- Directed by: Dave Fleischer Willard Bowsky (animation director)
- Produced by: Max Fleischer Adolph Zukor
- Starring: Jack Mercer Mae Questel Gus Wickie
- Music by: Sammy Timberg
- Production company: Fleischer Studios
- Distributed by: Paramount Pictures
- Release date: January 22, 1937;
- Running time: 6 minutes
- Country: United States
- Language: English

= The Paneless Window Washer =

The Paneless Window Washer is a 1937 Popeye theatrical cartoon short in the Max Fleischer Cartoon series directed by Dave Fleischer.

== Plot ==

Bluto is trying to make a buck by spraying mud on the windows to make people think they're dirty. Up 20 stories (or at least Popeye says that) is Olive Oyl, public stenographer.

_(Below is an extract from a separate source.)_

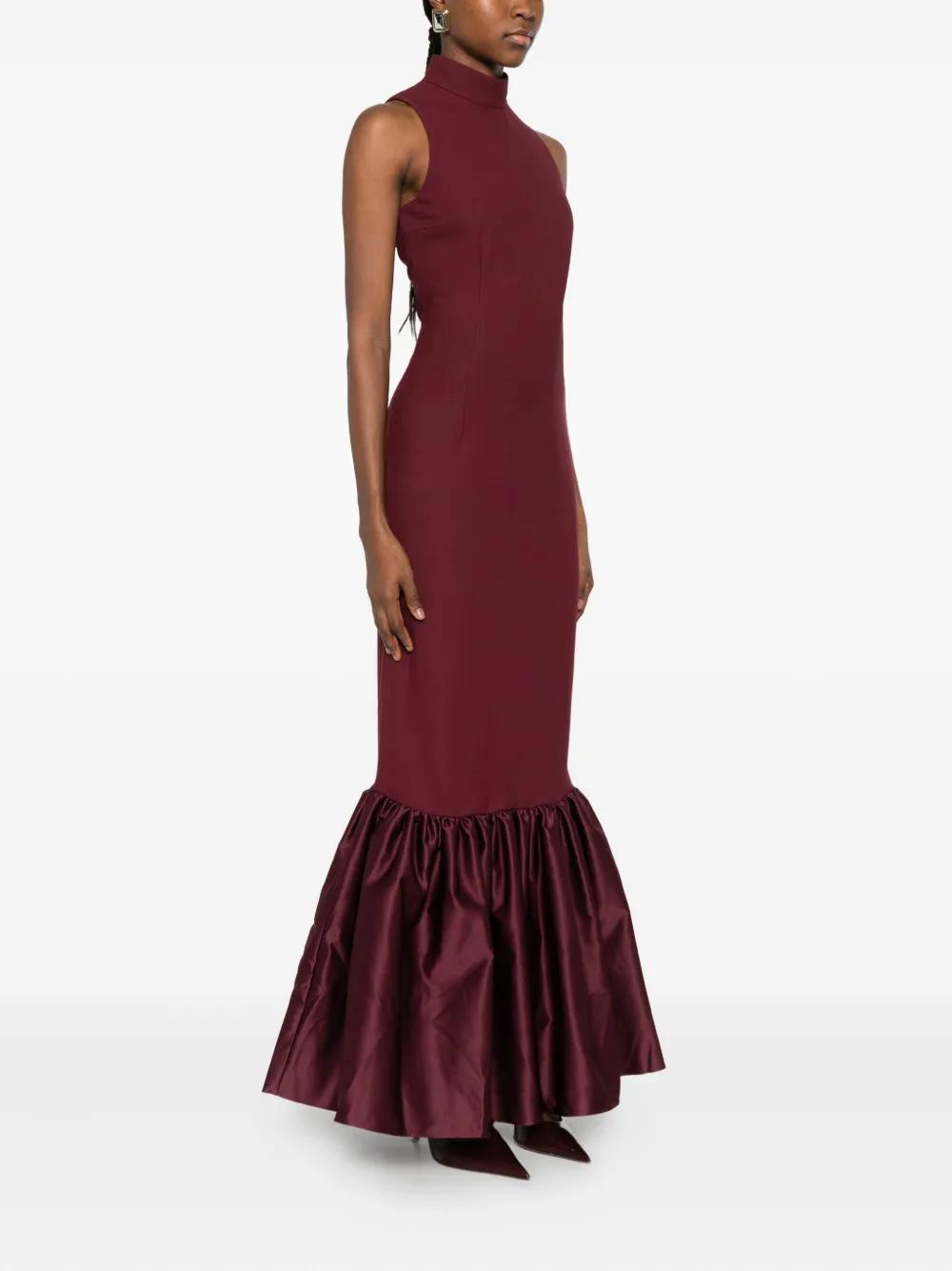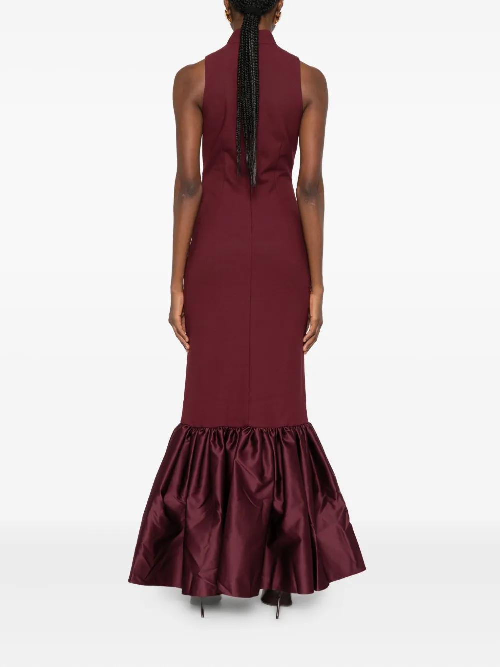 burgundy high neck sleeveless ruffled hem concealed rear zip fastening

Wiping all kinds of windows, Popeye and Bluto get into a bitter quarrel between who's better at cleaning windows.

== Cast ==
- Jack Mercer as Popeye
- Mae Questel as Olive Oyl
- Gus Wickie as Bluto

== Reception ==
The scene with "Olive Oyl's typing is a fun example of exaggeration in The Paneless Window Washer by Fleischer Studios."